Peppery Francqui was not satisfied. He swore roundly that he would not sign any debt agreement whatever unless the Belgian mark claim, amounting to an additional six million dollars per annum for 37 years, was settled. Of grave importance was the arrival in Paris of Belgium's Prime Minister, Henri Jaspar, to confer behind locked doors with Delegate Francqui. Emile Moreau, chief of the French delegation, announced that he too would not sign Draft C of the Young Plan unless the Belgian mark claim was settled.

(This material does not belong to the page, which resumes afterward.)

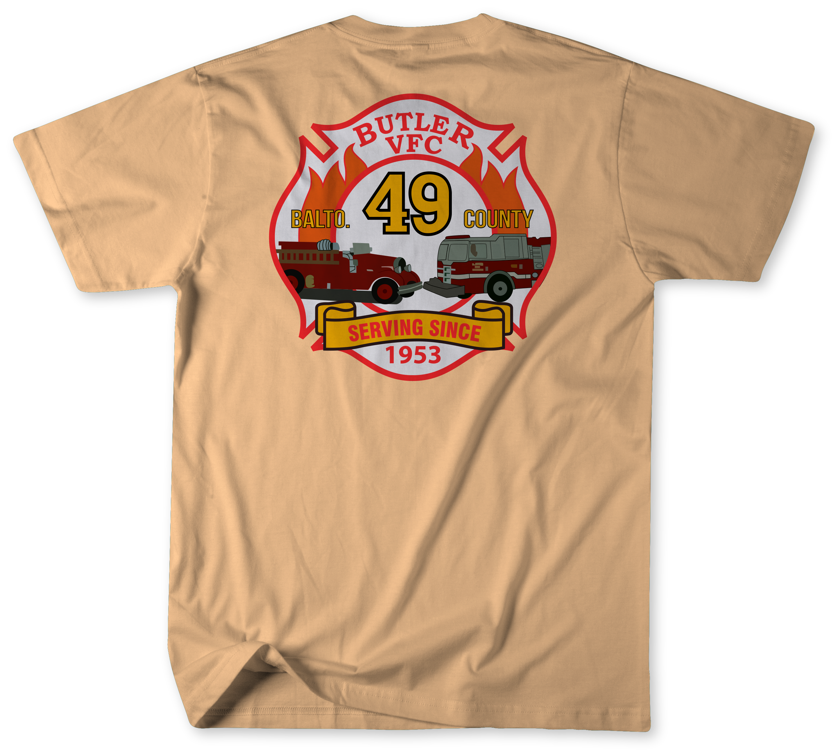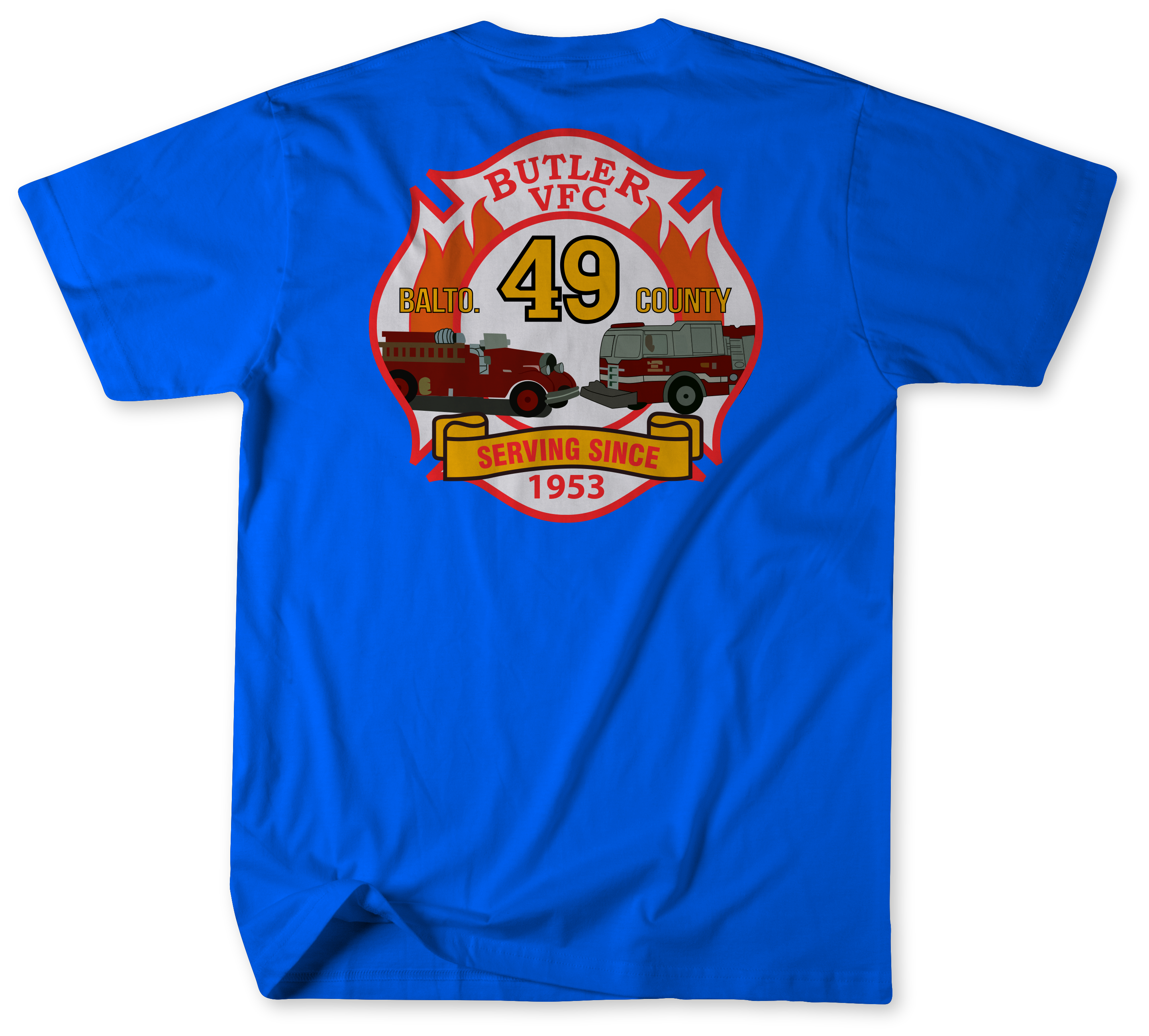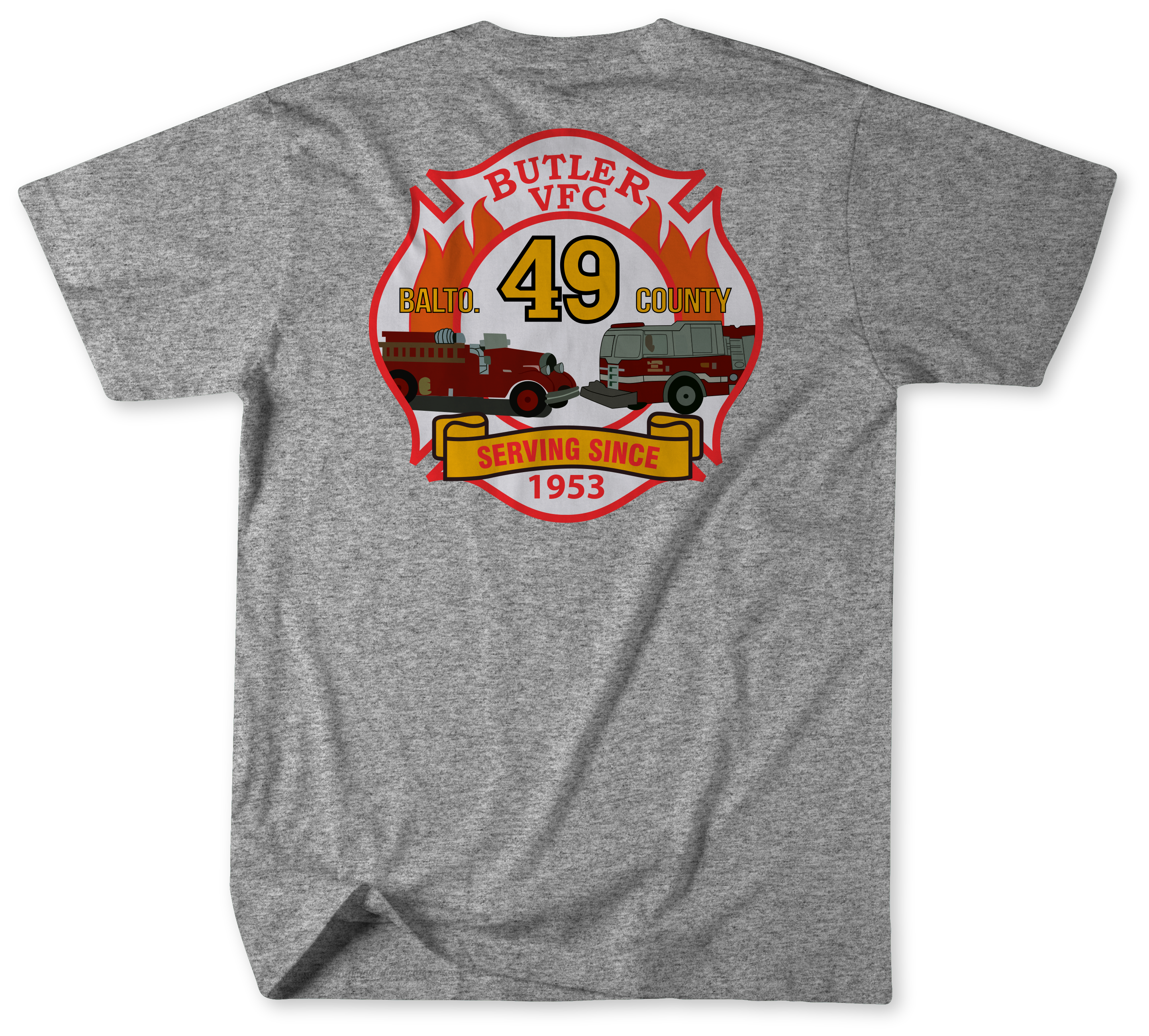 Show your pride in Baltimore County’s volunteer fire service with the Unofficial Station 49 Shirt, honoring the members of the Butler Volunteer Fire Company. This shirt recognizes the firefighters and EMS personnel who protect the Butler community every day and the apparatus that answers the call, including Engine 491, Tanker 491, and Brush 492.
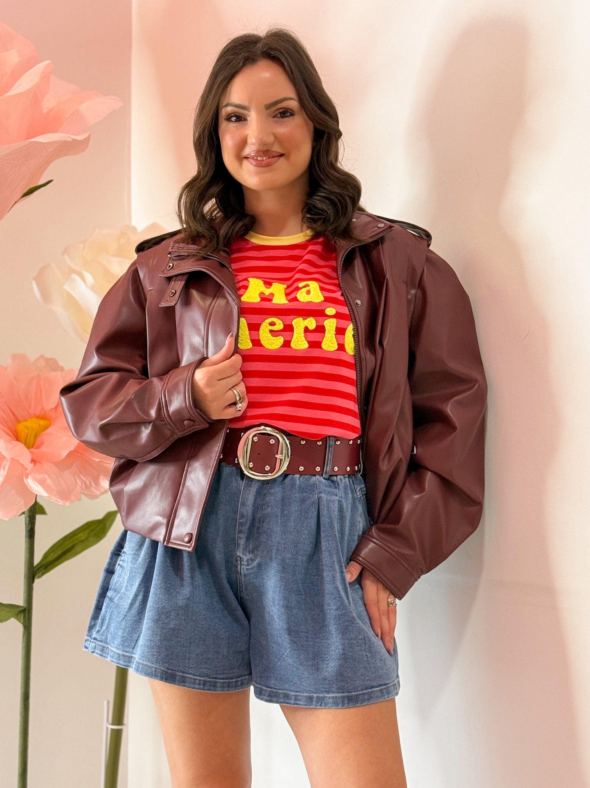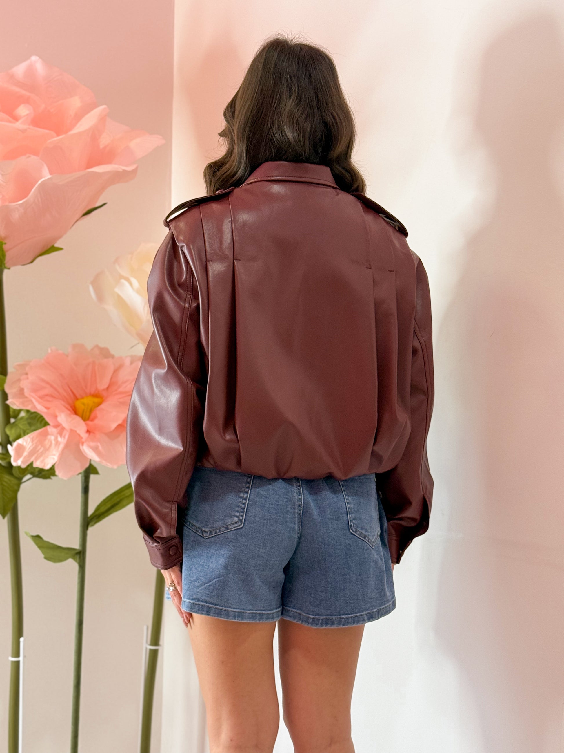 GIUBBINO IN SIMILPELLE , LUNGHEZZA BASIC , FODERATO ALL'INTERNO E CHIUSURA CON ZIP E BOTTONI A CIAPPETTA

In time to prevent the scrapping of Draft C and the probable disruption of the conference arrived a note from the German government to Dr. Schacht, authorizing him to pledge settlement. Through Chairman Young the note was immediately transmitted to the Belgians.

Secret Agreement. Quite as important as the delegates' agreement to the Young Plan was an understanding, reached semisecretly by the German, French and British delegates, regarding Europe's debts to the U. S. It was privately agreed that in case of any future reduction or cancellation of Allied war debts by the U. S. Government, Germany's reparations payments would be reduced by two-thirds of the amount involved.

This was one more move on the part of England and France to lay responsibility for Germany's 58 years of payments squarely upon the U. S.

"Cancel our war debts," the Allies said in effect, "and we will immediately cancel Germany's reparations, forget about the War and go back to work."

Washington took little notice of this secret agreement; stayed firm in its oft-repeated position that there is no connection between Germany's debts to England and France, and those countries' debts to the U. S.